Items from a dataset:
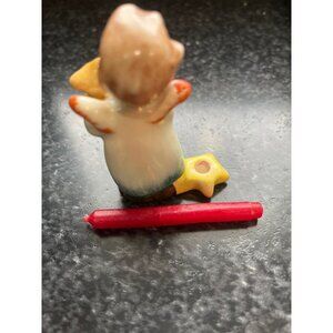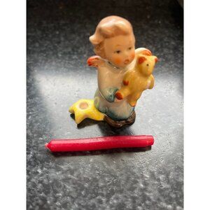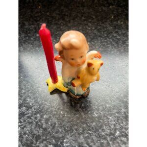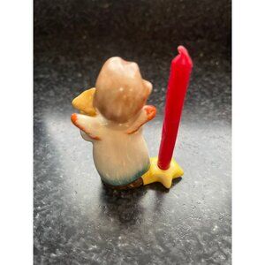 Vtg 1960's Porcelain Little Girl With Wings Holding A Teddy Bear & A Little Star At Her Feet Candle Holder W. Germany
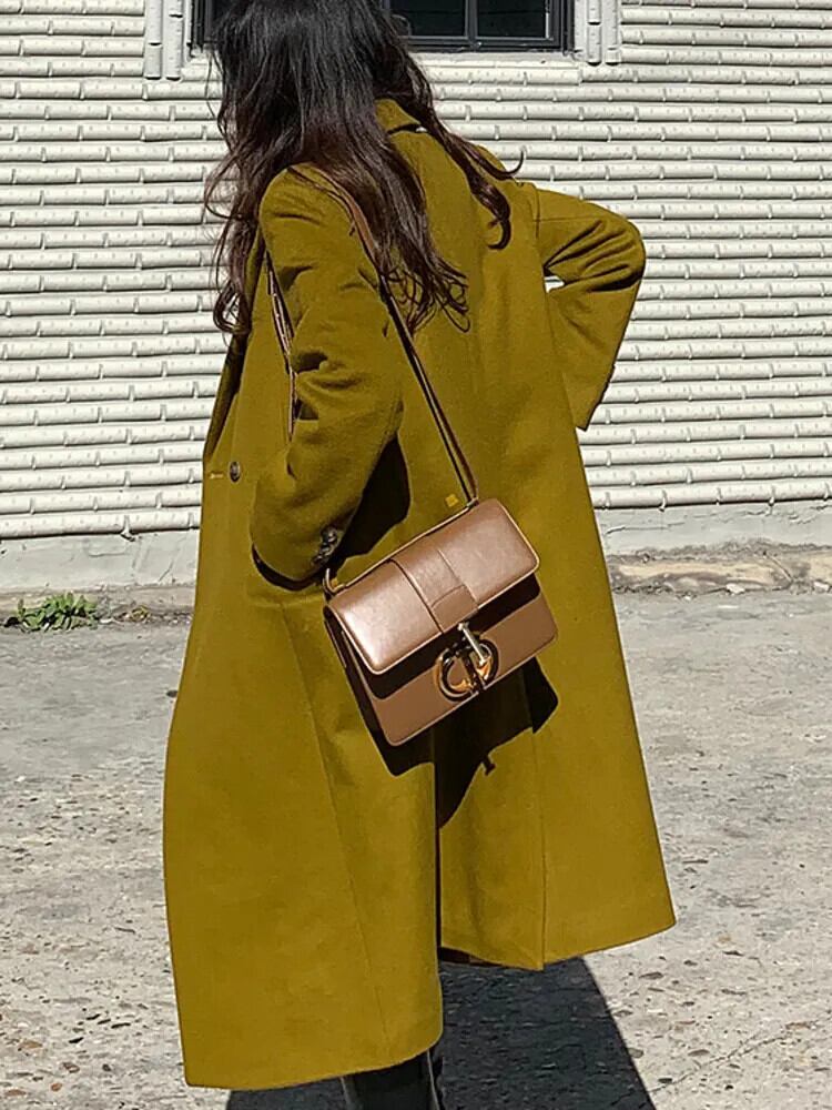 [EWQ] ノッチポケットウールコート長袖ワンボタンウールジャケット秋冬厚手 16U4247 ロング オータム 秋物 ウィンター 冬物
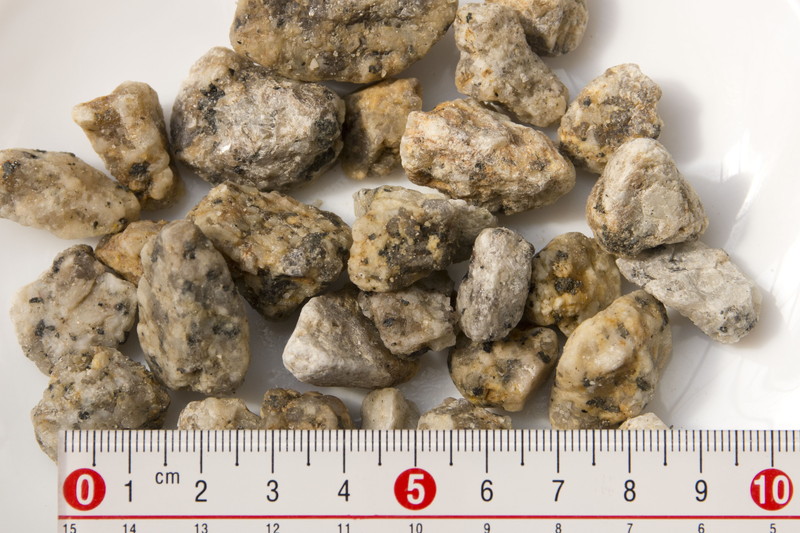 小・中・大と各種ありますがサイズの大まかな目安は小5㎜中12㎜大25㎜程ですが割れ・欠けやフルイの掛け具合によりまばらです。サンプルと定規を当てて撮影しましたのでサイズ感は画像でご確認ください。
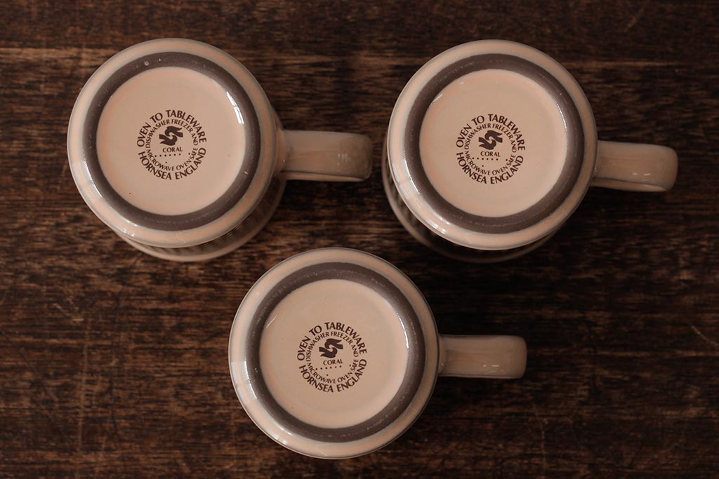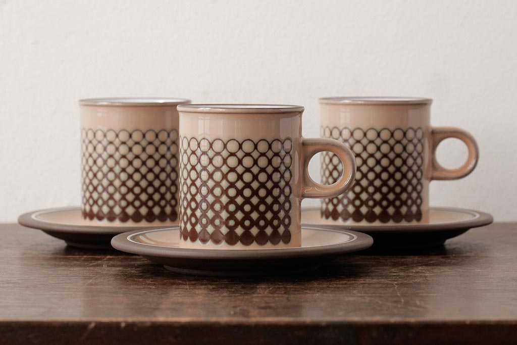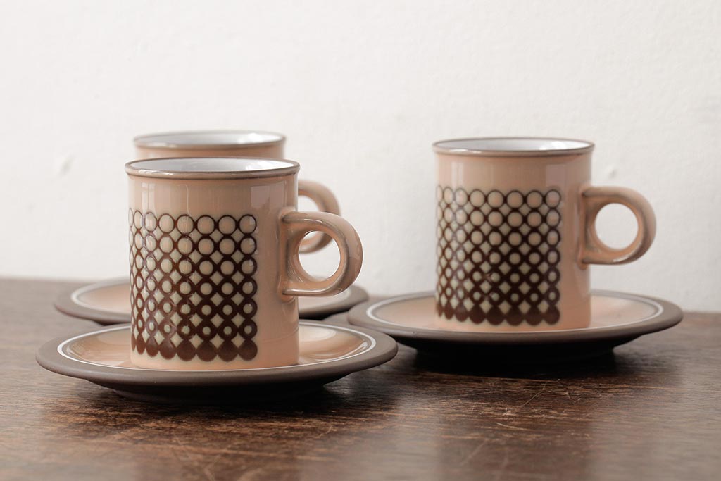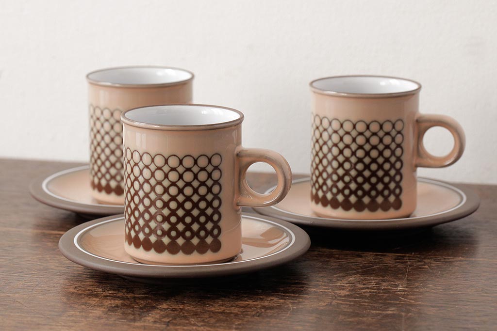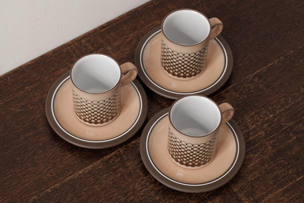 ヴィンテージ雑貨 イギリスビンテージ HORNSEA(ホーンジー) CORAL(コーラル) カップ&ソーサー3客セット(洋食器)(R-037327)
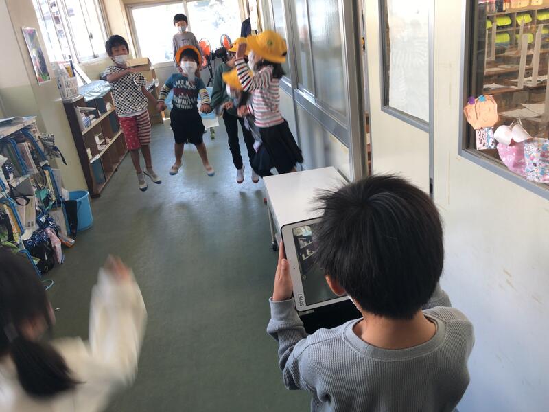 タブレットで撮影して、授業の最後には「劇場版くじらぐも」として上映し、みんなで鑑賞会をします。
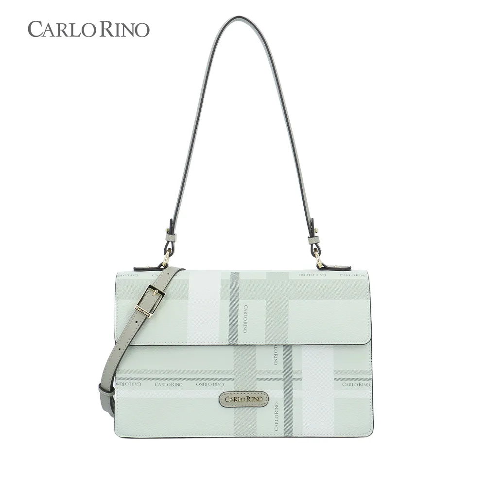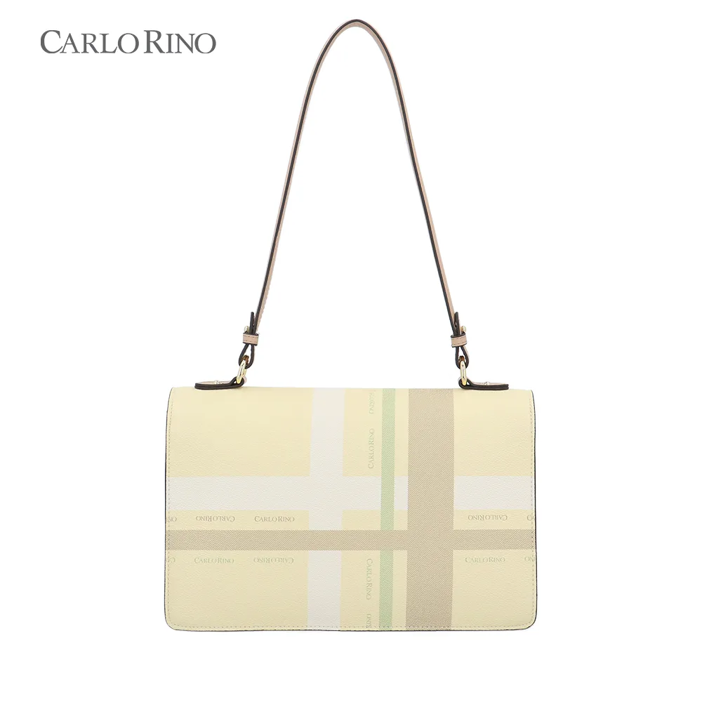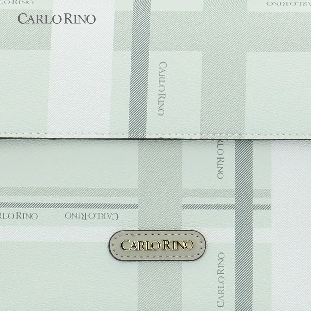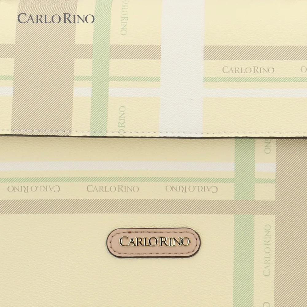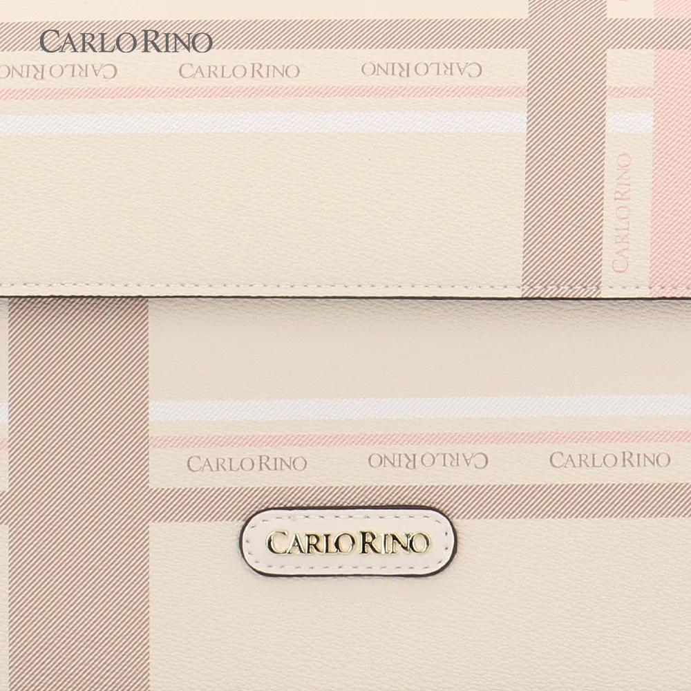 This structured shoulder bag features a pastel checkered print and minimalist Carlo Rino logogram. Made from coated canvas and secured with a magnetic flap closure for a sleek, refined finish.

...

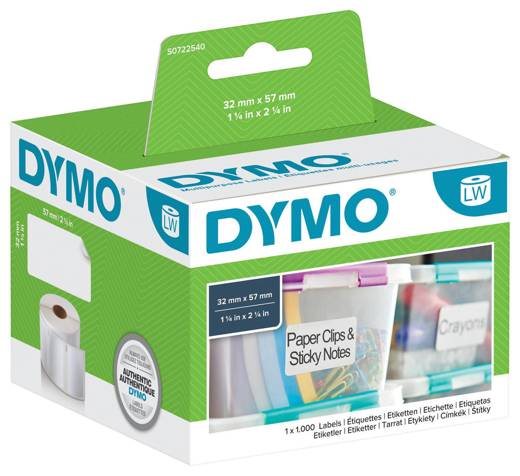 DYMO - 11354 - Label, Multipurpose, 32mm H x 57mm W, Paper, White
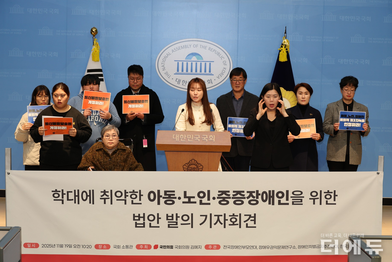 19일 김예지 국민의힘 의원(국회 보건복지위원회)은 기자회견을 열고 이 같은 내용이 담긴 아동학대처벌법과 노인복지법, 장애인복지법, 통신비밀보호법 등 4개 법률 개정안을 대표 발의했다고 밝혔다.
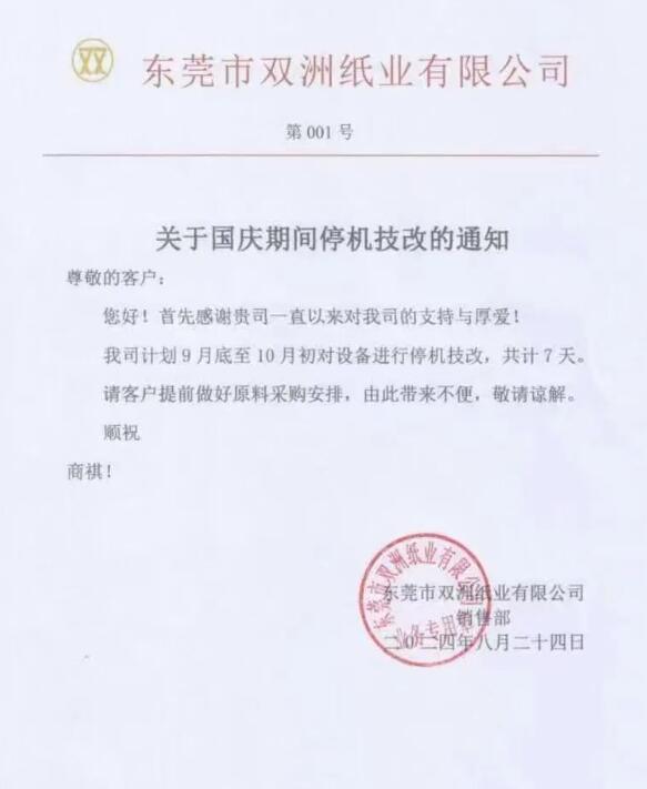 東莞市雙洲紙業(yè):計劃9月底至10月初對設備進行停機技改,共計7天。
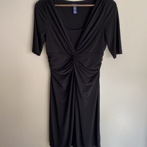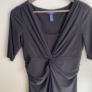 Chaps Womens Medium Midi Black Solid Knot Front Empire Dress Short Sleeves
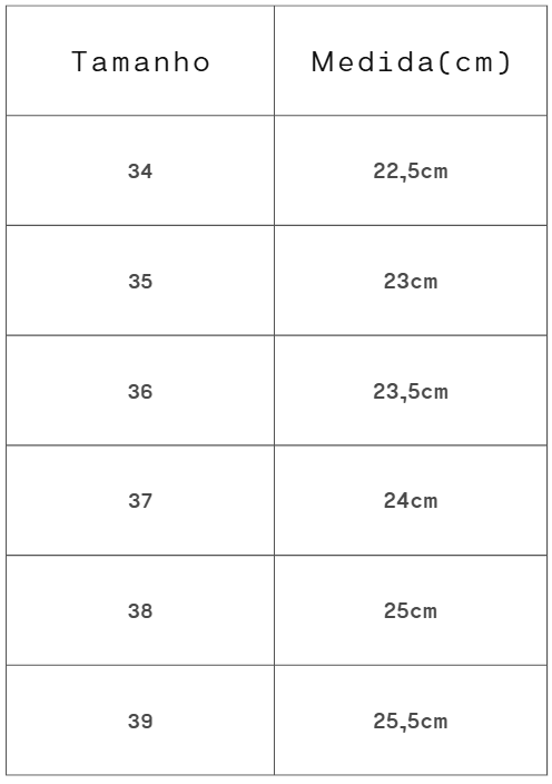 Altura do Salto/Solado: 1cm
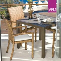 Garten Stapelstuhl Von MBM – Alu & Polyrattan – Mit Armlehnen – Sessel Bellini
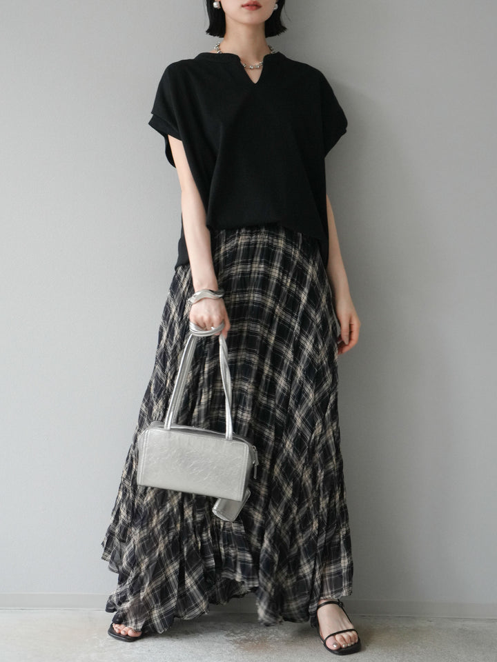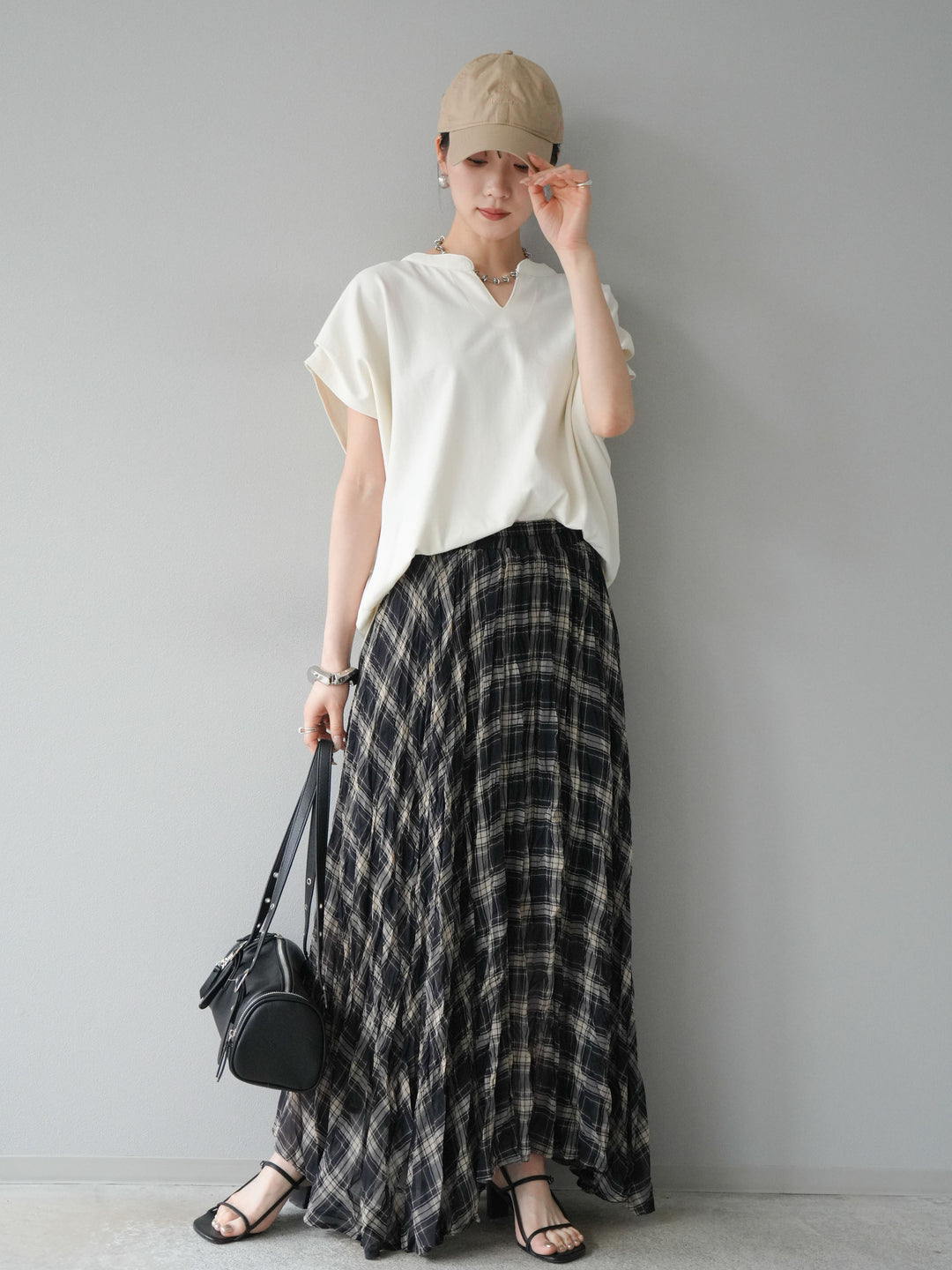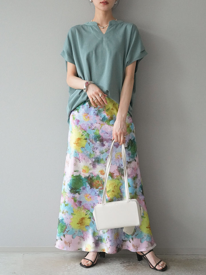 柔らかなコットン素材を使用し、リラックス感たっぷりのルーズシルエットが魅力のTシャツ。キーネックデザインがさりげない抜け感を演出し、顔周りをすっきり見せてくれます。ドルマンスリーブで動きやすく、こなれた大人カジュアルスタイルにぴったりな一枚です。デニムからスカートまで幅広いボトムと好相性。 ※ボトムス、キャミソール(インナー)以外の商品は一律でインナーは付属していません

** EXERCISE GOAL **
Using the data above, output the line that has "19일 김예지 국민의힘", the line that has "Altura do Salto/Solado: 1cm", and whatever lines fall between, each exactly as it stands and without pictures.

** ANSWER BELOW **
 19일 김예지 국민의힘 의원(국회 보건복지위원회)은 기자회견을 열고 이 같은 내용이 담긴 아동학대처벌법과 노인복지법, 장애인복지법, 통신비밀보호법 등 4개 법률 개정안을 대표 발의했다고 밝혔다.
 東莞市雙洲紙業(yè):計劃9月底至10月初對設備進行停機技改,共計7天。
 Chaps Womens Medium Midi Black Solid Knot Front Empire Dress Short Sleeves
 Altura do Salto/Solado: 1cm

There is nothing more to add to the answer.